61 lines (45 loc) · 4.2 KB

Eastern Armenian morphological analyzer

This is a rule-based morphological analyzer for Modern Eastern Armenian (hye). It is based on a formalized description of literary Eastern Armenian morphology, which also includes a number of dialectal elements, and uses uniparser-morph for parsing. It performs full morphological analysis of Eastern Armenian words (lemmatization, POS tagging, grammatical tagging, glossing).

How to use

Python package

The analyzer is available as a Python package.
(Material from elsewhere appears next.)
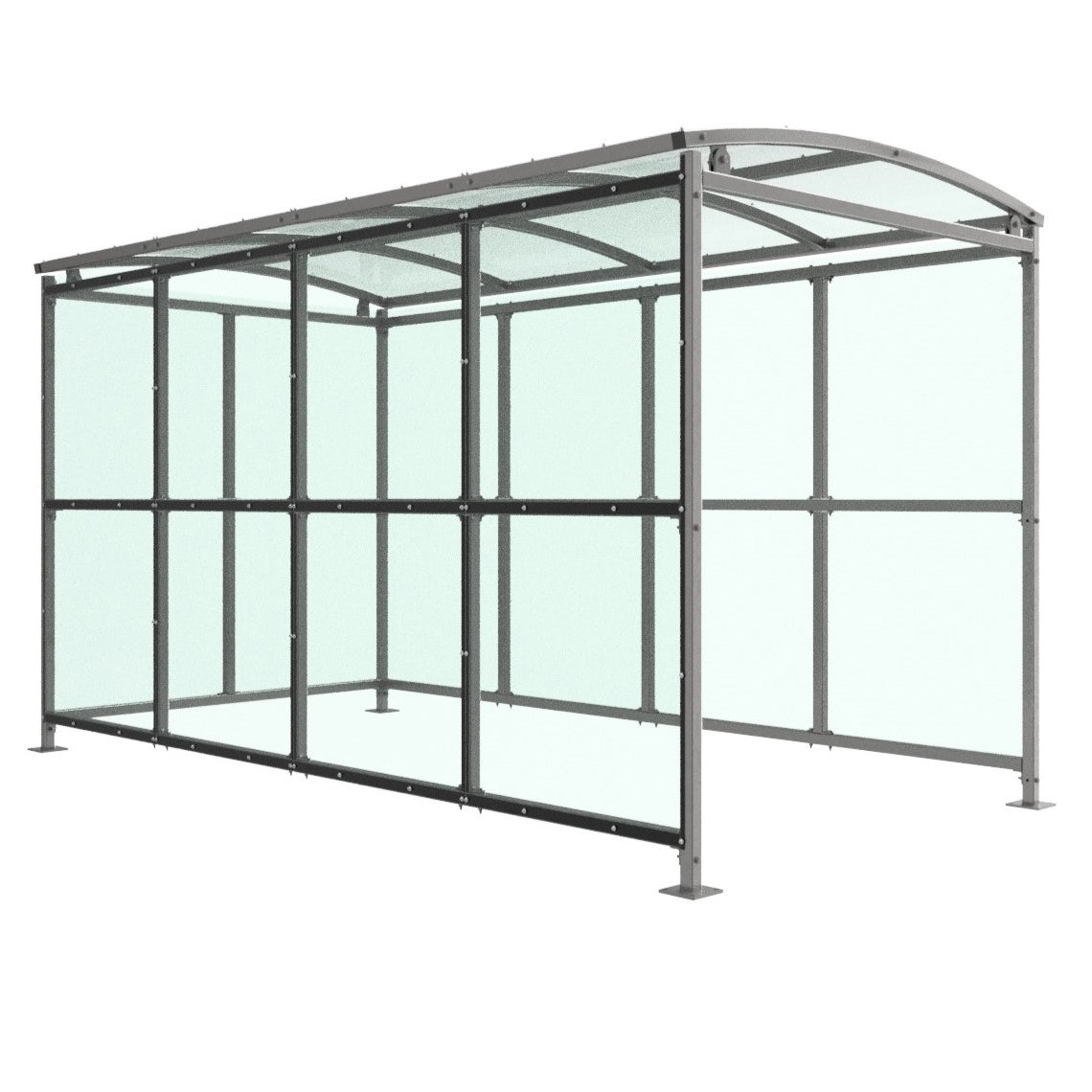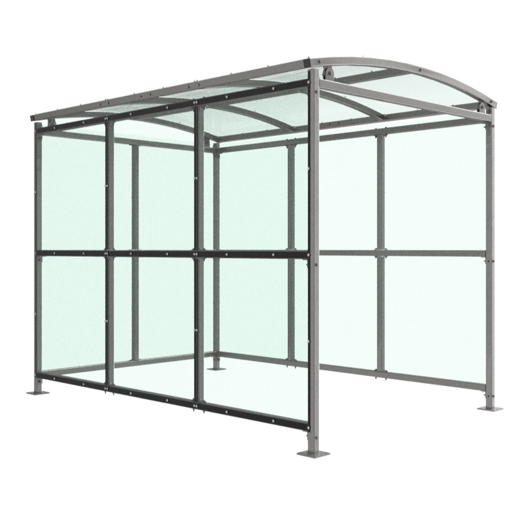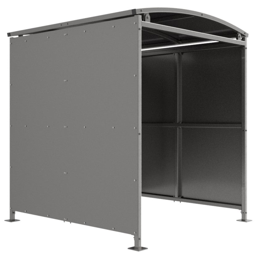 Like many of Autopa’s shelters, the Binley (and its extensions) offer two materials for their curved roofs and cladding:

If you want to analyze Eastern Armenian texts in Python, install the module:

pip3 install uniparser-eastern-armenian

Import the module and create an instance of EasternArmenianAnalyzer class. After that, you can either parse tokens or lists of tokens with analyze_words(), or parse a frequency list with analyze_wordlist(). Here is a simple example:

from uniparser_eastern_armenian import EasternArmenianAnalyzer
a = EasternArmenianAnalyzer()

analyses = a.analyze_words('Ձևաբանություն')
# The parser is initialized before first use, so expect
# some delay here (usually several seconds)
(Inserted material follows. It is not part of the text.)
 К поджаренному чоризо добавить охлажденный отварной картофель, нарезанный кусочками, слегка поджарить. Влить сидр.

# You will get a list of Wordform objects
# The analysis attributes are stored in its properties
# as string values, e.g.:
for ana in analyses:
        print(ana.wf, ana.lemma, ana.gramm, ana.gloss)
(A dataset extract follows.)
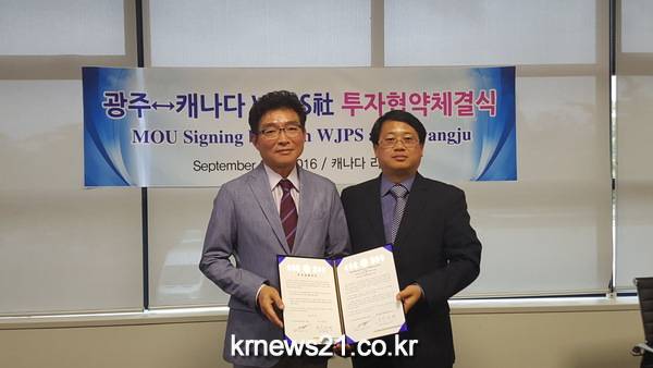 광주광역시 투자유치단(단장 이상배 전략산업본부장)은 23일(현지시간) 캐나다 리치몬드(Richmond)에 소재한 WJPS 본사를 방문해 포장재 제조 공장 설립을 위한 500만달러 투자 협약을 체결했다.
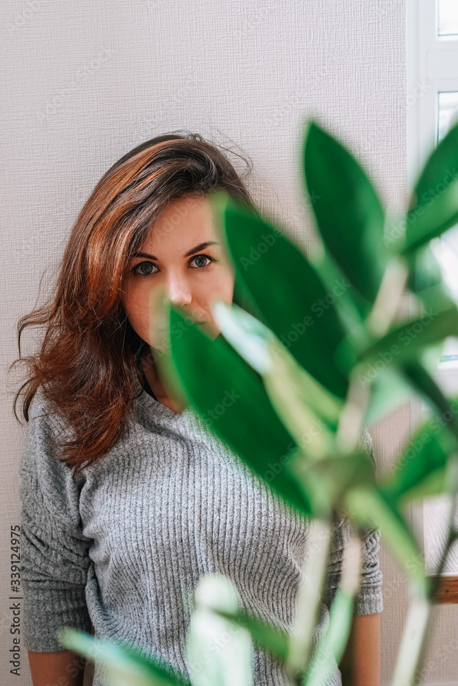 A brunette girl with long hair in a home sweater is sitting against an empty background wall, with leaves of a home plant in the foreground

# You can also pass lists (even nested lists) and specify
# output format ('xml' or 'json')
# If you pass a list, you will get a list of analyses
# with the same structure
analyses = a.analyze_words([['և'], ['Ես', 'սիրում', 'եմ', 'քեզ', ':']],
	                       format='xml')
analyses = a.analyze_words(['Ձևաբանություն', [['և'], ['Ես', 'սիրում', 'եմ', 'քեզ', ':']]],
	                       format='json')

Refer to the uniparser-morph documentation for the full list of options.

Disambiguation

Apart from the analyzer, this repository contains a small set of Constraint Grammar rules that can be used for partial disambiguation of analyzed Armenian texts. If you want to use them, set disambiguation=True when calling analyze_words:

analyses = a.analyze_words(['Ես', 'սիրում', 'եմ', 'քեզ'], disambiguate=True)

In order for this to work, you have to install the cg3 executable separately. On Ubuntu/Debian, you can use apt-get:

sudo apt-get install cg3

On Windows, download the binary and add the path to the PATH environment variable. See the documentation for other options.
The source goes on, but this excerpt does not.